Even the feeling that something was watching me through the windows.
Even—
I sat up suddenly. Listened.
Silence. Complete silence.
The forest had gone quiet.
No crickets. No wind. No rustling. Just… nothing.
Like everything out there was holding its breath. Waiting.
My heart hammered. This was stupid. I was being paranoid. There was nothing—
The sound of claws on wood. Slow. Deliberate. Something walking across my porch.
I froze. Barely breathing.
The footsteps stopped. Right outside my bedroom window.
I couldn’t see anything. Curtains drawn. Lights off. Just darkness and the knowledge that something was out there.
Watching.
Minutes passed. Hours. I lost track of time. Eventually the sounds faded. The forest came alive again. Normal nighttime noise.
But I didn’t sleep.
Couldn’t sleep.
Because at 3 AM, I opened my eyes to find a massive wolf sitting at the foot of my bed.
Bigger than any wolf should be. Amber eyes glowing in the darkness. Perfectly still. Just… watching me.
I couldn’t move. Couldn’t scream. Frozen in primal terror.
We stared at each other. Woman and wolf. Predator and prey.
Then I blinked.
And it was gone.
Like it had never been there.
I turned on every light in the cottage. Checked every room. Every closet. Every corner.
Nothing. No wolf. No signs of entry. No evidence it had been real.
Except the scent. Wild and earthy. Pine and musk and something ancient.
The smell of a wolf that had been in my bedroom.

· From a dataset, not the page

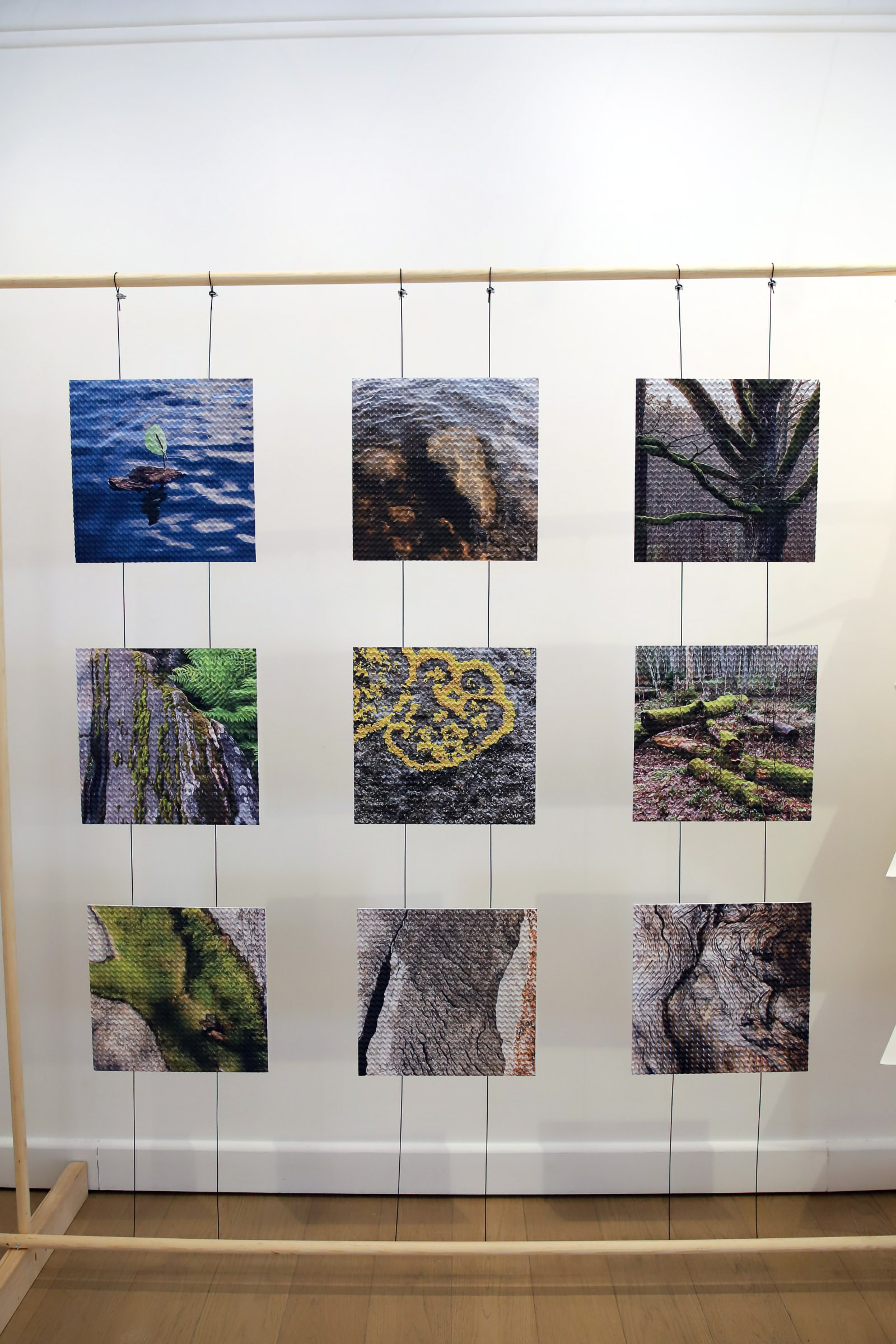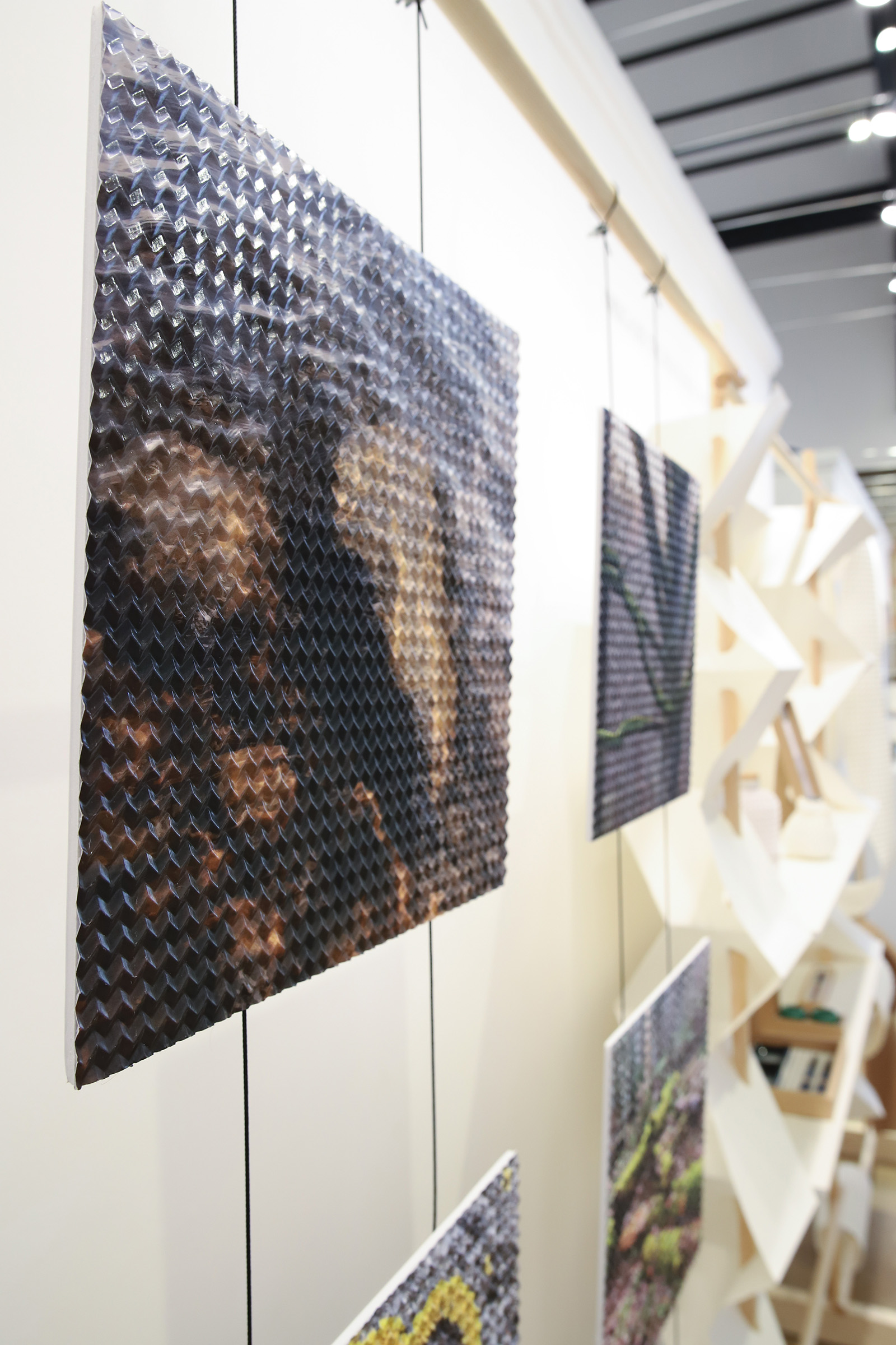 The Miura-ori pattern provides also new possibilities for diverse panel applications and visual outcomes. Nature-themed macro photography works by Markus Joutsela are printed to high quality photography paper, and then processed through the first phase of the folding machinery to create origami surface. The folded structure changes the viewing experience of the image by introducing depth, shifting reflections and subtle variations in light and shadow. As the viewing angle and lighting change, the image takes on a more dynamic and spatial character, bringing a new sense of presence to the photographic surface.

I sat on the couch until dawn. Lights blazing. Kitchen knife in my lap like it could protect me from whatever was hunting me.
When morning came, I found four new claw marks across my right shoulder.
Deeper than before.
And under my fingernails—more blood.
Fresh. Dark. Not mine.
Something was very, very wrong.
And I was running out of time to figure out what.